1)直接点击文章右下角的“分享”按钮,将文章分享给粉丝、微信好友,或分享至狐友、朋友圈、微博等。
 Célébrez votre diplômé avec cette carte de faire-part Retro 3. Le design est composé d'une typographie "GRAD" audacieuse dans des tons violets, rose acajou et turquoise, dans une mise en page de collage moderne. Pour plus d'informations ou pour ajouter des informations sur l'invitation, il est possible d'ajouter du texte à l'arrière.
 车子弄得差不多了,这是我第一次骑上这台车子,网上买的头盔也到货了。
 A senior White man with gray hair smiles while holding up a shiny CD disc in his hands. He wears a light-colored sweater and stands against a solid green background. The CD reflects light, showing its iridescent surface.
--
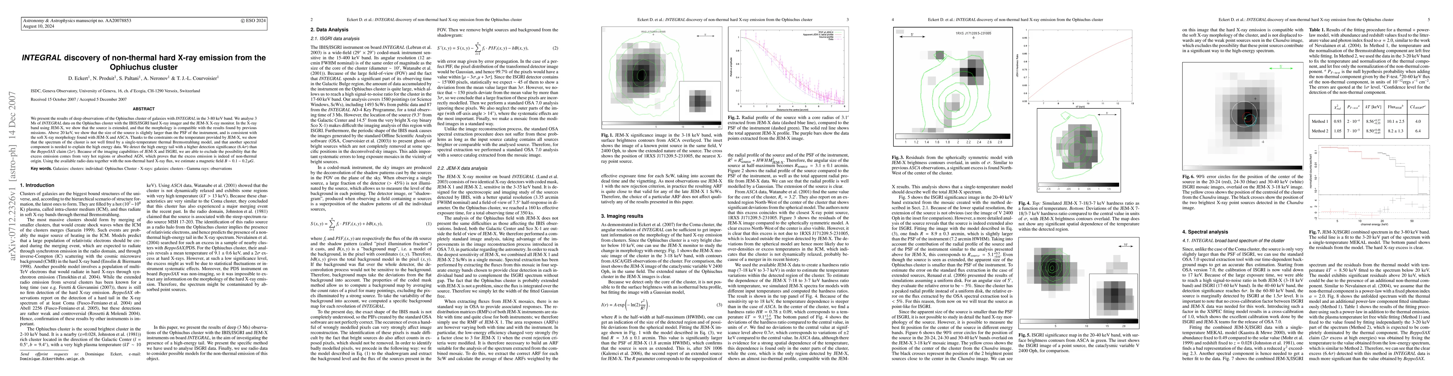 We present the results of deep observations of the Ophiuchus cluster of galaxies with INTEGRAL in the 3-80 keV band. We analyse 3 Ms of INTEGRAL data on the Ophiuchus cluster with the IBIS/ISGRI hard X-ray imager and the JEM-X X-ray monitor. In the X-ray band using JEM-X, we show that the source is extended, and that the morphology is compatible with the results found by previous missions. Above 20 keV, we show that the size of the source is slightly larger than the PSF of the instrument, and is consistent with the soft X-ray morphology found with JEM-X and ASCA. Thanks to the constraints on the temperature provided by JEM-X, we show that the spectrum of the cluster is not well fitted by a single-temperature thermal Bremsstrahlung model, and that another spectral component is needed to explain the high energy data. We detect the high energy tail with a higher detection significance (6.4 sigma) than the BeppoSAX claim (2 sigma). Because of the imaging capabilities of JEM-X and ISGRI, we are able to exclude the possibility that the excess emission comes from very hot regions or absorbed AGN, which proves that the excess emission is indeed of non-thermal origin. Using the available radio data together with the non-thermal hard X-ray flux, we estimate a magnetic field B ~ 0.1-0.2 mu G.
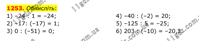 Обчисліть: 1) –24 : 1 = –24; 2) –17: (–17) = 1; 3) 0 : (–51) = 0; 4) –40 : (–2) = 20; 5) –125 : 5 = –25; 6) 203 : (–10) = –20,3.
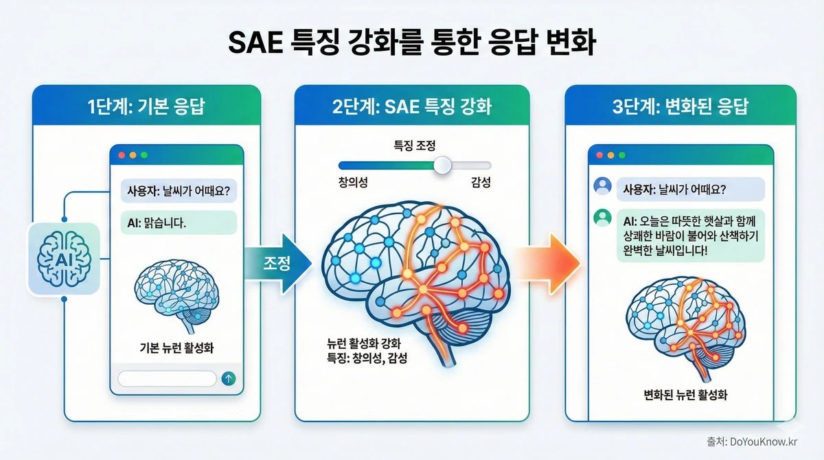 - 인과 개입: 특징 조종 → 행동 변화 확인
* * *
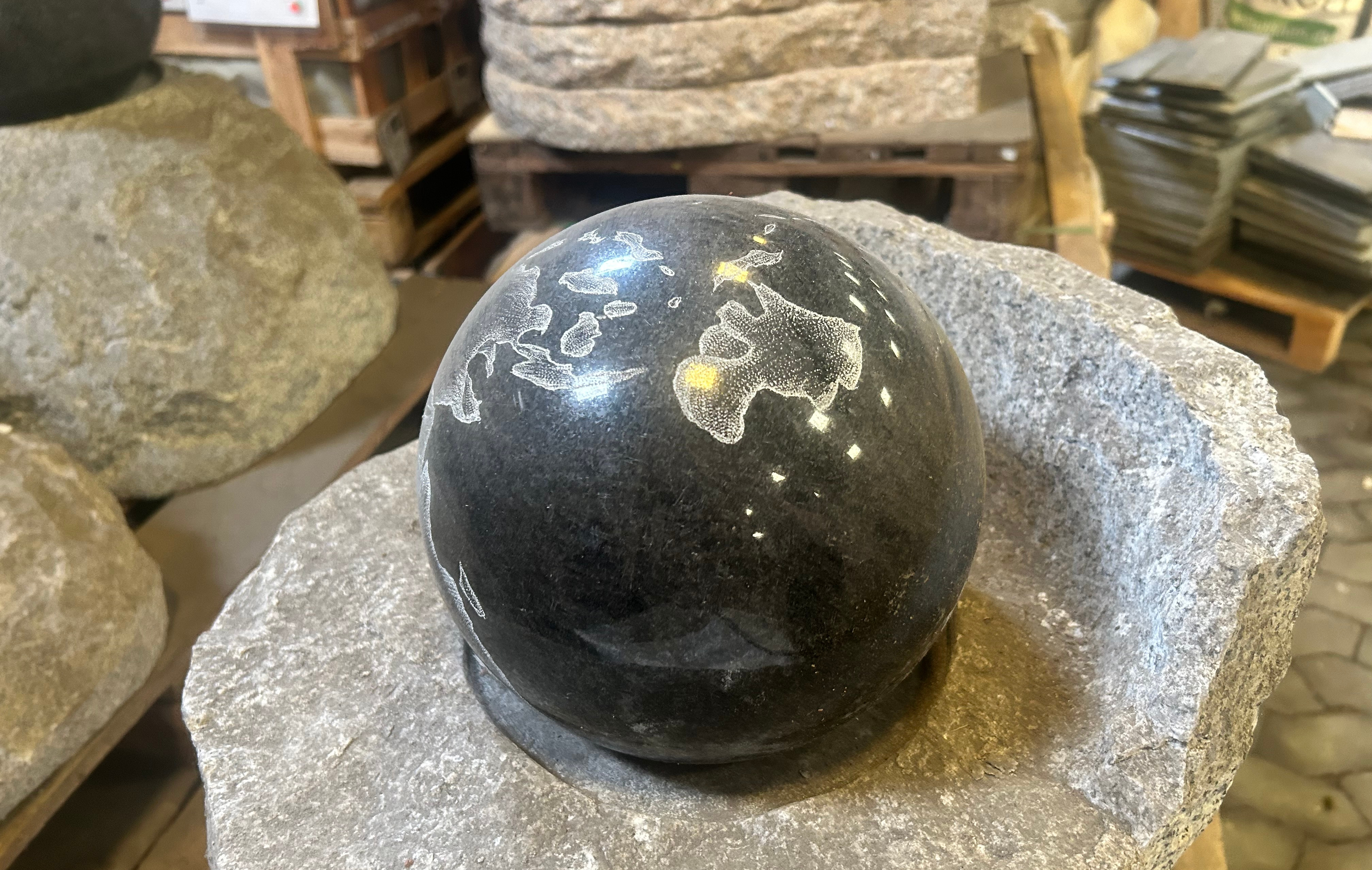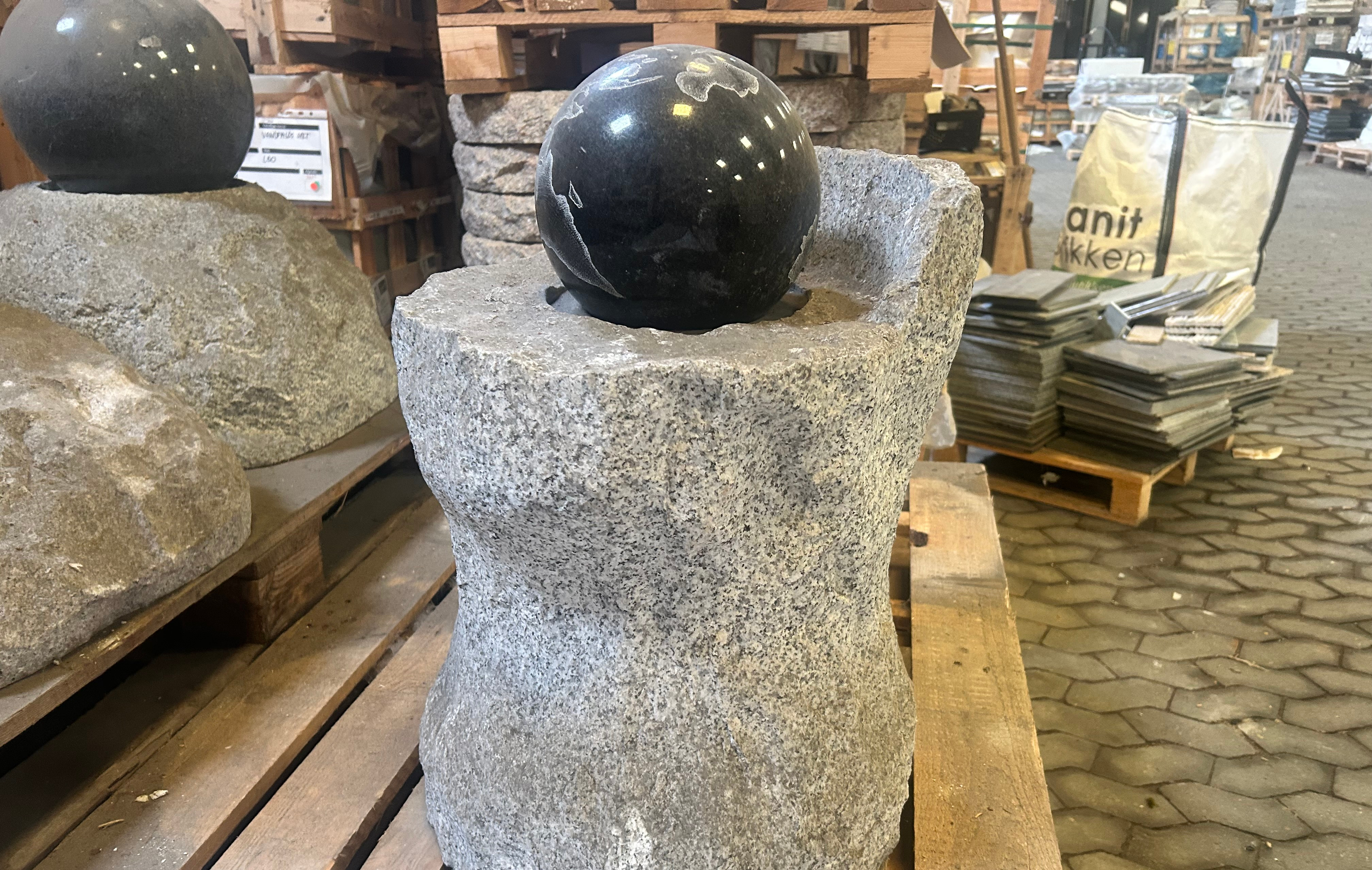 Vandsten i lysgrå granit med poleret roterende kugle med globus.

> [What needs to be done]:
Go down the entries above from the line containing "We present the" to the line containing "- 인과 개입: 특징 조종 → 행동 변화 확인" and write out each line exactly, leaving pictures out.

> [Written answer]:
 We present the results of deep observations of the Ophiuchus cluster of galaxies with INTEGRAL in the 3-80 keV band. We analyse 3 Ms of INTEGRAL data on the Ophiuchus cluster with the IBIS/ISGRI hard X-ray imager and the JEM-X X-ray monitor. In the X-ray band using JEM-X, we show that the source is extended, and that the morphology is compatible with the results found by previous missions. Above 20 keV, we show that the size of the source is slightly larger than the PSF of the instrument, and is consistent with the soft X-ray morphology found with JEM-X and ASCA. Thanks to the constraints on the temperature provided by JEM-X, we show that the spectrum of the cluster is not well fitted by a single-temperature thermal Bremsstrahlung model, and that another spectral component is needed to explain the high energy data. We detect the high energy tail with a higher detection significance (6.4 sigma) than the BeppoSAX claim (2 sigma). Because of the imaging capabilities of JEM-X and ISGRI, we are able to exclude the possibility that the excess emission comes from very hot regions or absorbed AGN, which proves that the excess emission is indeed of non-thermal origin. Using the available radio data together with the non-thermal hard X-ray flux, we estimate a magnetic field B ~ 0.1-0.2 mu G.
 Обчисліть: 1) –24 : 1 = –24; 2) –17: (–17) = 1; 3) 0 : (–51) = 0; 4) –40 : (–2) = 20; 5) –125 : 5 = –25; 6) 203 : (–10) = –20,3.
 - 인과 개입: 특징 조종 → 행동 변화 확인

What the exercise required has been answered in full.